Casco Bay High School (CBHS), in Portland, Maine, is an Expeditionary Learning School where educational practices are guided by core educational principles. The school’s Family Grading Guide provides this relevant excerpt:  

Principle: Learning cannot be averaged: students need time to practice and learn from mistakes.
Practice: We determine trimester grades based on trends and take more recent performance into account.

This guidance enables CBHS teachers to give students clear feedback based on shared outcomes so that the students can acquire proficiency even after failure.

In Michigan*, a highly effective district with a robust International Baccalaureate program in middle and high school grades has worked to craft a district-wide approach to providing opportunities for practice. Their published guide to district best practices asserts, “Students will be well-informed (i.e. feedback, knowing the standard, self-assessing their learning, etc.) prior to receiving a summative grade.” Teachers are expected to assign “meaningful formative assessments (at-home or in-class practice that is not factored in the course grade) with timely feedback as practice for mastery of skill without penalty.”

In all of these systems, there is a commitment to separating preparation and practice from performing or demonstrating for a grade. Students and teachers alike are able to identify what they are practicing for and what passing or exemplary work will look like.

*We are still waiting for final permissions to use this district’s name in the guide.

What We’ve Learned

Students have to be able to practice and not pay a penalty if there are imperfections in their practice work. Teachers must create ways for this to happen. Formative assessment informs learners about their progress without punishing them for partial knowledge. Formative assessment also informs the teacher about how each student is doing, how the class is doing as a whole, and whether any adjustment of instruction or re-teaching is needed. Getting feedback and practice routines right can reduce the need for multiple rounds of retakes and redos by ensuring that students are well prepared for summative assessments on their first attempt.

Although it is important to provide students with chances to practice without being penalized for errors, it is also important to track whether students are doing their practice either in the form of homework or classwork. This record of practice and effort may inform the work habits grade.
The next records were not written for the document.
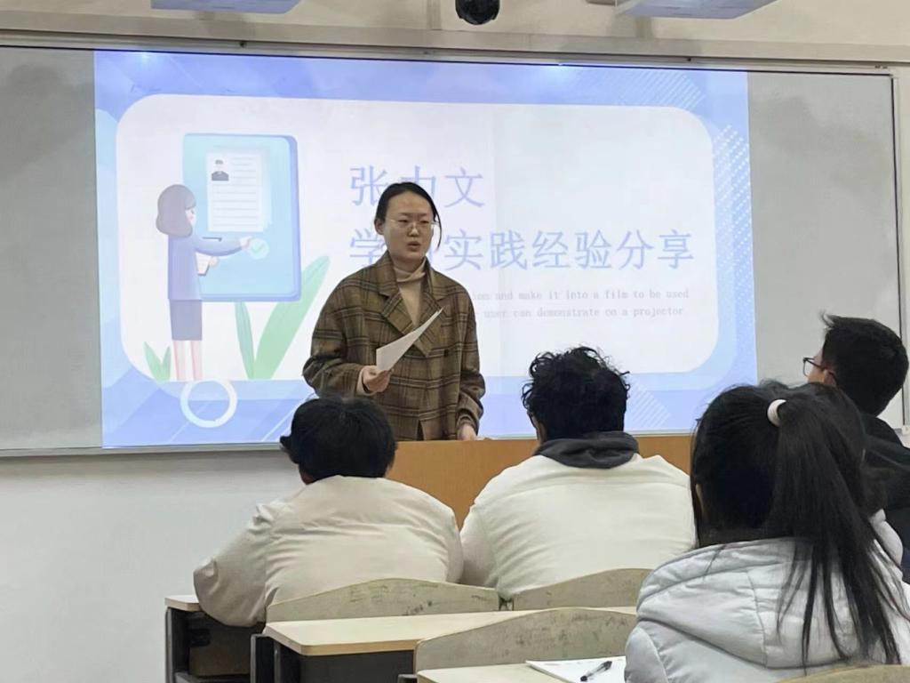 22级学生代表张力文从专业课程学习、学习态度及自我行动等方面展开,向大家分享了自己在学习生活中用到的小妙招,建议同学们重视“法言法语”积累,加强法律英语学习,鼓励同学们利用闲暇时间进行法学专业书籍的读书交流。21级学生代表黄嘉祥围绕法律职业选择、法学学科竞赛,法学社会实践等方面与同学们进行交流,建议同学们积极参加到法律实践中去,增加法律职业经验积累,提高自身竞争力。学长学姐丰富出彩的履历令同学们十分敬佩,同学们纷纷表示要向专业先进榜样学习,树立远大理想,度过充实的大学四年。
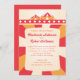 Convites de casamento de circo maravilhosos e divertidos com as cores vermelho e laranja. O topo do convite tem um conjunto de tendas de circo. É um convite muito divertido e caprichoso que é excelente para um tema de circo ou carnaval. Envie-me um e-mail para jen@designsbynyxxie.com se tiver alguma dúvida.
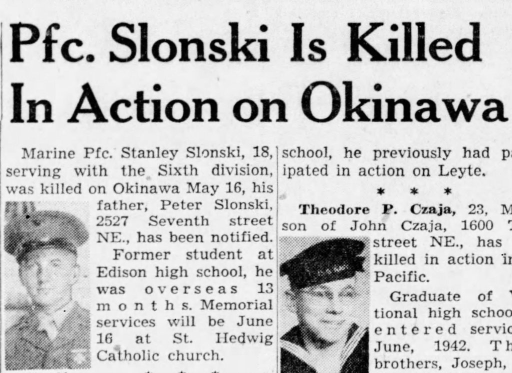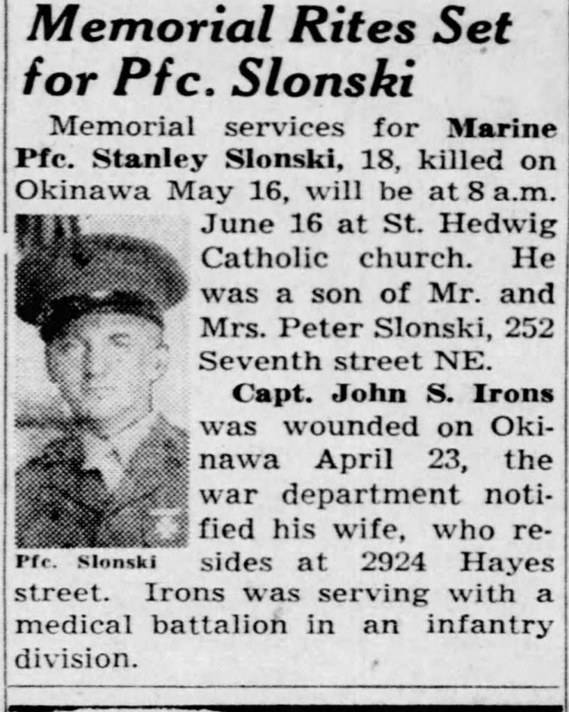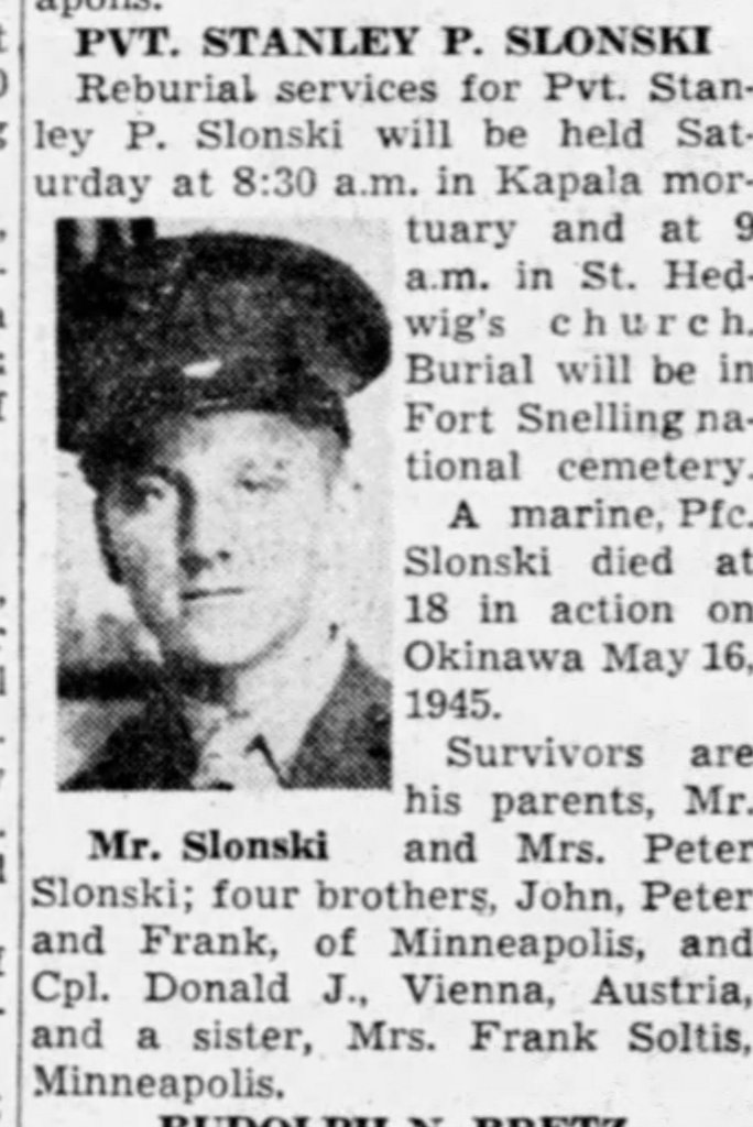 Episode 9 of the HBO series The Pacific is about the Battle of Okinawa and may provide some insight into Stanley’s experiences as a Marine fighting on Okinawa.

When peer-to-peer feedback and self-assessment become routine classroom norms, this shifts the responsibility for learning closer to the students.
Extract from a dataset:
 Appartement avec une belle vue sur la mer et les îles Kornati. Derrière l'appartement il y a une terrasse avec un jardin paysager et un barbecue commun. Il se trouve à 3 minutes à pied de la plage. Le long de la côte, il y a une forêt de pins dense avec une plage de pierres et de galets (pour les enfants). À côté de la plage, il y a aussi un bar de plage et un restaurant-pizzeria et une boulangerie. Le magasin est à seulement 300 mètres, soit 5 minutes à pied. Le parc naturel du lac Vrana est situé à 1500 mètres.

Quotes from the Literature

“Feedback in an assessment for learning context occurs while there is still time to take action. It functions as a global positioning system, offering descriptive information about the work, product, or performance relative to the intended learning goals. It avoids marks or comments that judge the level of achievement or imply that the learning journey is over.” Chappuis and Chappuis, The Best Value in Formative Assessment, ASCD 2007.

“Learning and performing aren’t the same… When everything we ask a student to do comes with a judgment (grade, score, or mark), it diminishes a student’s capability to operate outside their comfort zone — instead, it breeds fear and anxiety.” What We’ve Gotten Wrong About the Fail Forward Movement, Adam Dyche, The Medium blog September 2018

“[T]eachers take time to guide students through practice activities. As they guide, teachers help make sure students attend to the proper issues and understand the rationale for their actions…..the teacher was not satisfied to hear students offer the correct answer. She wanted to hear students explain why each step made sense.” Johnson, J., Uline, C., and Perez, L. (2013). Teaching Practices from America’s Best Urban Schools: A Guide for School and Classroom Leaders (1st ed.) (p. 77). New York, NY: Routledge.

“Do not grade every piece of writing a student creates. In fact, research shows that the very act of placing a grade on a student’s work ends the learning.” Cheryl Mizerny, 6th Grade English teacher, Bloomfield, MI; author of The Accidental English Teacher blog.